Schnaubend erhob ich mich schließlich und schüttelte mein Fell aus. Mein Magen knurrt, doch ich möchte keine Aufmerksamkeit auf mich lenken, indem ich hinaus gehe. Also strecke ich mich und meine Glieder verlängern sich dabei, während das Fell verschwindet. Schließlich stehe ich auf meinen menschlichen Füßen und ziehe recht achtlos ein lockeres Oberteil und Hosen an, bevor ich mir zu einem Stückchen Brot verhelfe, das Tuuli freundlicherweise in der Kiste mit den Vorräten gelassen hat, bevor er los gegangen ist, um Besorgungen zu machen und Erkundigungen einzuholen. Nachdenklich auf dem Brot kauend, hocke ich kurz darauf in einem Eck des Wagens.
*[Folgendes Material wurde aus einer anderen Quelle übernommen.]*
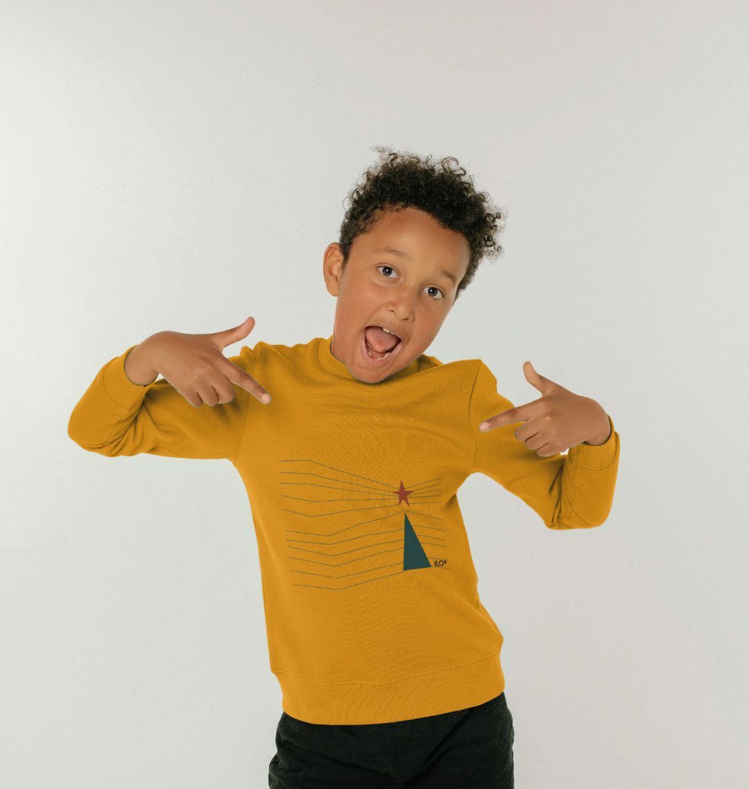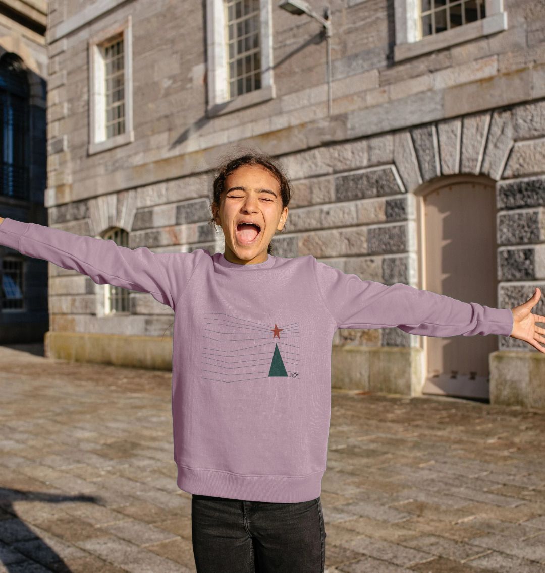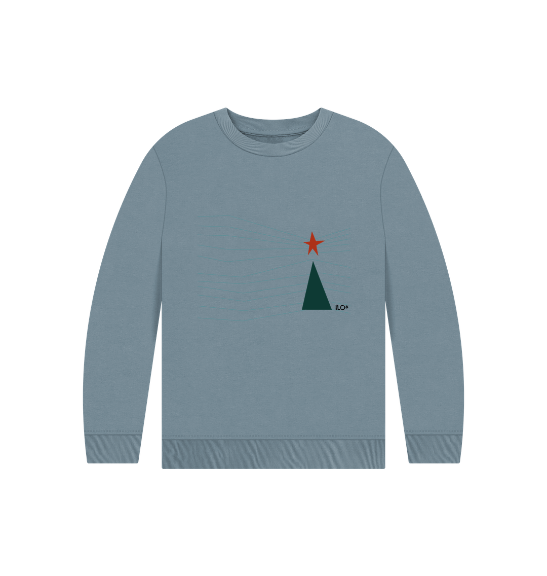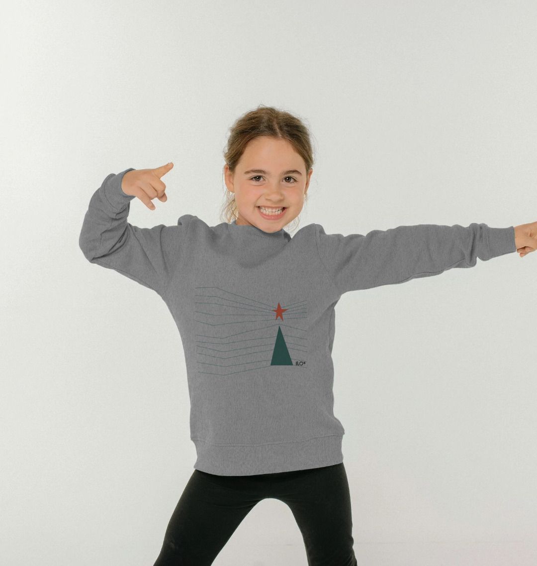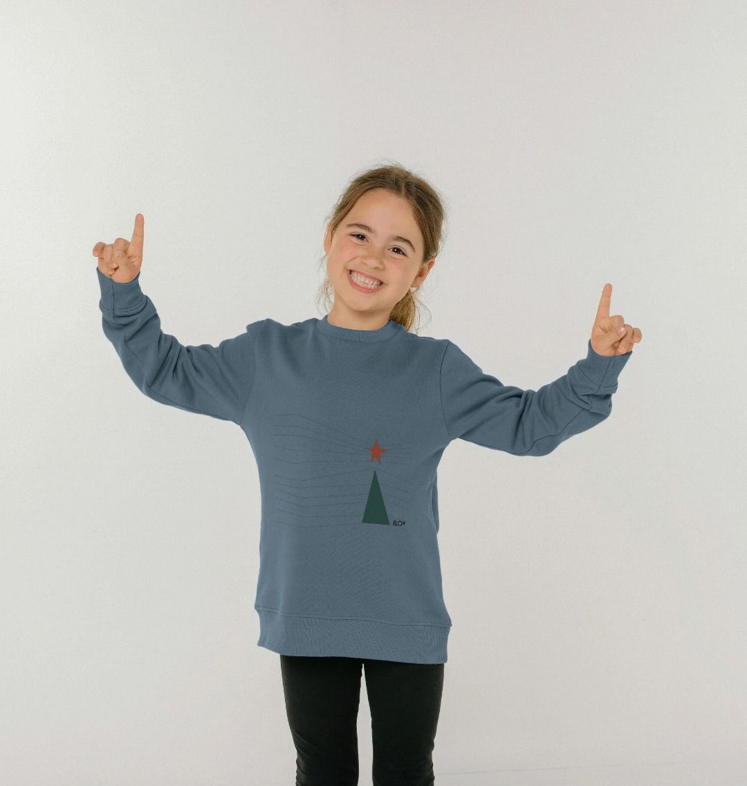 ILO's exclussive Joulu Christmas Tree design printed on an organic cotton kid's jumper.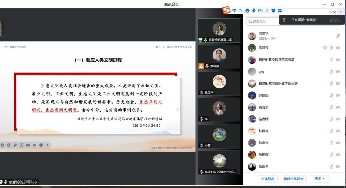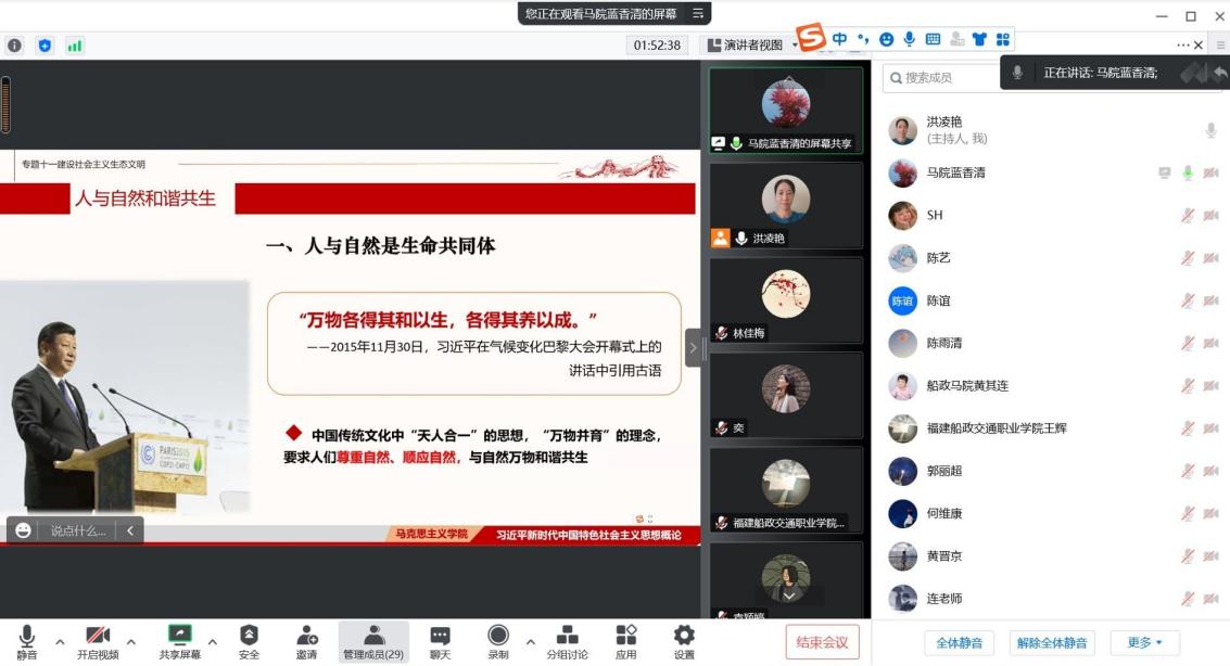 馬克思主義學(xué)院“習(xí)近平新時(shí)代中國特色社會(huì)主義思想概論”教研室全體專兼職教師于2022年10月30日在騰訊會(huì)議開展了“優(yōu)·美”教學(xué)工作坊教研活動(dòng)。本次教研的內(nèi)容是本課程的“專題十一 建設(shè)社會(huì)主義生態(tài)文明”,由王輝老師擔(dān)任主備課人。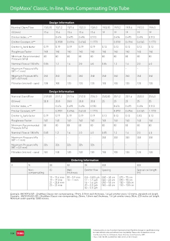 Example: XN190916100 – DripMaxx Classic non-compensating, 19mm, 0.9mm wall thickness, 1.6 Lph emitter every 1.0 metre, standard coil length.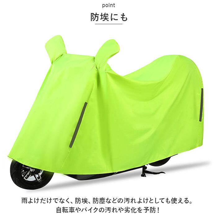 ・雨よけだけでなく、防埃、防塵などの汚れよけとしても使える。自転車やバイクの汚れや劣化を予防!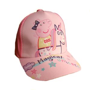 Peppa Pig cap. Girls Peppa Pig baseball cap. Size 50 & 52 cm, fits age 2-5 years. 3 colours available lilac, pink & light pink. Material cotton & polyester. Adjustable velcro strap at the back of the cap.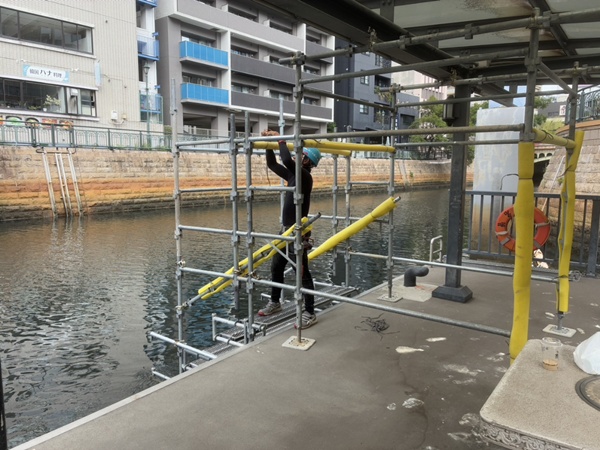 ロボットを安全に水面におろす足場も、前日にしっかり準備しました。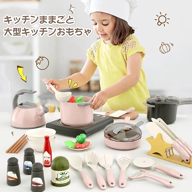 【リアルな感覚】圧力鍋に安全弁を付き、ケットルに本物の水を注すことができ、口にも蓋を付き、野菜、ジャガイモ、カボチャ、卵などの材料を入れて電磁調理器のスイッチを入れ、本格的に調理を始めます。まるで本物の料理人みたい、子供がおままごとに夢中!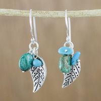 "Lively leaves are crafted of 950 silver by Karen hill tribe artisans, dangling from the ears with a truly fashionable look. Accentuated with blue-green pieces of reconstituted turquoise, these fascinating earrings are presented by Thailand's Withaya Cheunjit. They adorn the wearer on hooks of sterling silver."

Wenn man den ganzen Tag nichts tun kann, als abzuwarten, schweifen die Gedanken nur umso mehr ab. Ich begreife noch immer nicht ganz, was diesen völlig Fremden dazu bewegt hat, mir zu helfen. Ja, man war nicht gerade sanft mit mir umgesprungen, aber sie riskierten auch keine weitere 'Beschädigung'. Also hatte ich nicht allzu viel zu befürchten, selbst bei meinen Fluchtversuchen, von denen es einige gab. Schließlich hatte ich recht schnell bemerkt, dass mittlerweile keine weiteren Tierblute mehr hier waren. Das hieß, dass irgendwer Kadu hatte. Und das wiederum bedeutete, dass ich so schnell wie möglich weg von diesen Händlern musste, um ihn zu finden. An dem Tag hatte ich mich zum Schein mit der Aufgabe zufrieden gegeben, das Reise-Geschirr zu waschen, das man mir vor die Nase geknallt hatte. Sie gaben mir mit Absicht keine Messer oder ähnliches, doch ich fand zwischen den Tellern und Löffeln eine kleine Gabel. Ich steckte sie ein und tat mein Möglichstes, mit den mühevoll verbogenen Zinken das Schloss von dem Halsband zu öffnen, das sie mir nach meinem ersten Fluchtversuch angelegt hatten. Ich schaffte es sogar irgendwie, doch in dem Moment packte mich eine Hand an den Haaren und der Kerl rief einen zweiten herbei.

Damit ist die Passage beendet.